Les femmes sont accros à la performance et à l’excellence mais elles peuvent être leurs propres ennemies. Quand une entreprise propose une promotion, un homme qui remplit 50 % du profil demandé n’hésitera pas à se présenter, tandis qu’une femme n’osera pas tant qu’elle n’atteint pas 120 %. Elle doit faire preuve de davantage d’audace et de culot pour postuler à des fonctions où elle est parfaitement légitime.

Comment les préparez-vous à être administratrices ?

Nous avons monté un programme court et efficace à base de modules de stratégie, finance, communication financière, media training, coaching, etc. avec des experts aguerris, comme Jean-Michel Monnot, ancien directeur de la diversité chez Sodexo. Ce programme est destiné aux hauts potentiels des entreprises qui visent des mandats ou l’accès aux comex. Par ailleurs, Daniel Bos, administrateur de l’IFA, a mis en place un outil pertinent pour améliorer la professionnalisation des conseils : l’évaluation est faite à la fois en amont et en aval de la formation pour mieux en mesurer l’impact.


La France est-elle en retard ou en avance sur la féminisation de la gouvernance ?

Elle est plutôt dans une bonne moyenne, mais la quasi-totalité des pays sont très en retard.

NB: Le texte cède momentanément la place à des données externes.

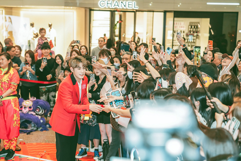 大年初六是開工及開巿的大吉日,銅鑼灣時代廣場邀得去年由年頭旺到年尾的「零死角男神」魏浚笙(Jeffrey),為《金龍醒獅賀新歲》慶典加持,讓大家的旺氣繼續延至龍年,行運一條龍!身為「娛樂圈幸運星」的Jeffrey,去年橫掃多個樂壇新人獎,在劇集及電影均有亮眼表現,更連續兩年演出賀歲片,人氣高企,吸引不少途人駐足圍觀,喜氣洋洋!人紅自然紅光滿面,只見Jeffrey主持「金龍醒獅點睛儀式」時信心十足,金筆一揮便為金龍注入滿滿的「龍氣」,同時祝福大家龍馬精神、龍精虎猛!
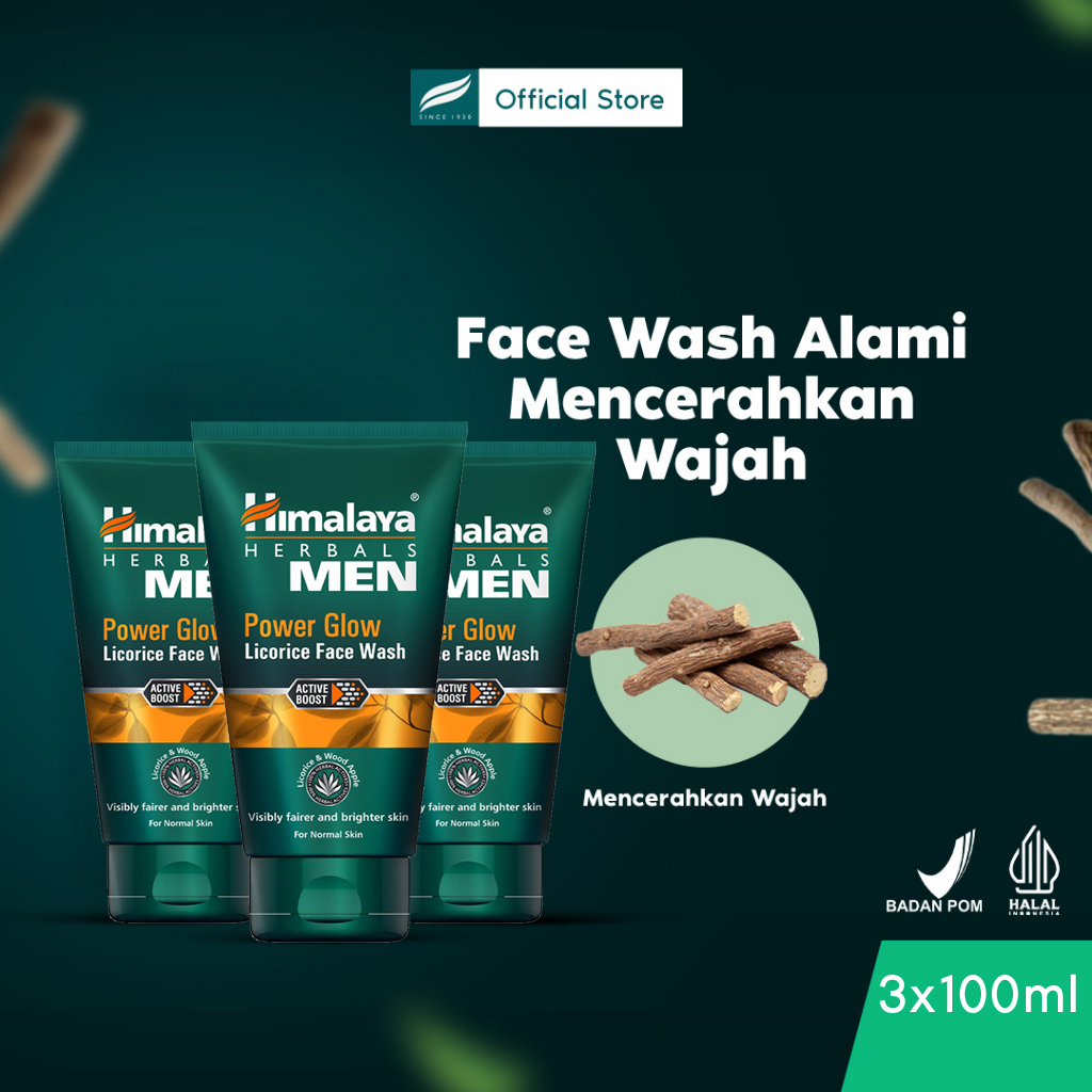 ( Paket Hemat Isi 3 ) Himalaya Power Glow Licorice Face Wash 3 x 100ml - Sabun Cuci Muka Pria dengan Akar Manis Herbal

La Norvège est la plus avancée, et les résultats des entreprises administrées par des femmes y sont bien meilleurs. Autre pays très en avance : la Chine, qui compte de nombreuses entreprises présidées par des femmes. En Allemagne, le pays d’Angela Merkel, c’est la catastrophe, et nous essayons de proposer nos candidates pour remplir leurs quotas. Et ce n’est pas mieux au Japon ni aux Etats-Unis.

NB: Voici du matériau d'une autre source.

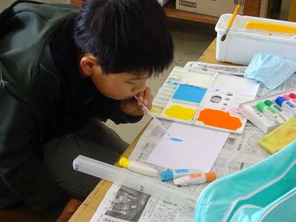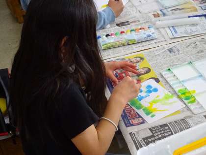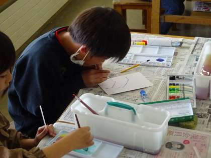 筆で塗るのではなく、絵の具をたらしたり、ストローで風を送ったり、色んなもので押したりして世界に一つだけの模様をつくります。
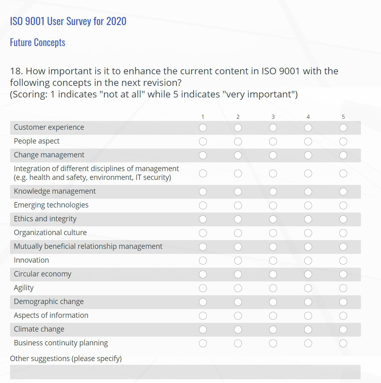 It’s worth pointing out that ISO has already spiked the results. The questions related to “Future Concepts” represent ideas that ISO TC 176 already determined — without user input — back in late 2019. These include injecting “ethics” into ISO 9001, which seems to be a foregone conclusion no matter how many people object to it.

Quel message passeriez-vous aux Entrepreneurs d’avenir ?

Je commencerais par leur dire que les femmes adorent l’entrepreneuriat. Bpifrance a fait appel à nos candidates, qui sont très sensibles à la possibilité de rejoindre les startups dans lesquelles elle investit. Si un projet les intéresse, même s’il y a peu de moyens, elles peuvent le porter très loin en apportant réseau et compétences. Elles ont plus conscience du temps long, et sont plus sensibles au développement durable et à la RSE que les hommes. D’ailleurs, la mixité des instances de gouvernance améliore le bilan RSE des entreprises. Les entreprises qui ont un CA mais n’ont pas les moyens de s’offrir des consultants trop chers, auraient donc tout intérêt à profiter de ces compétences féminines.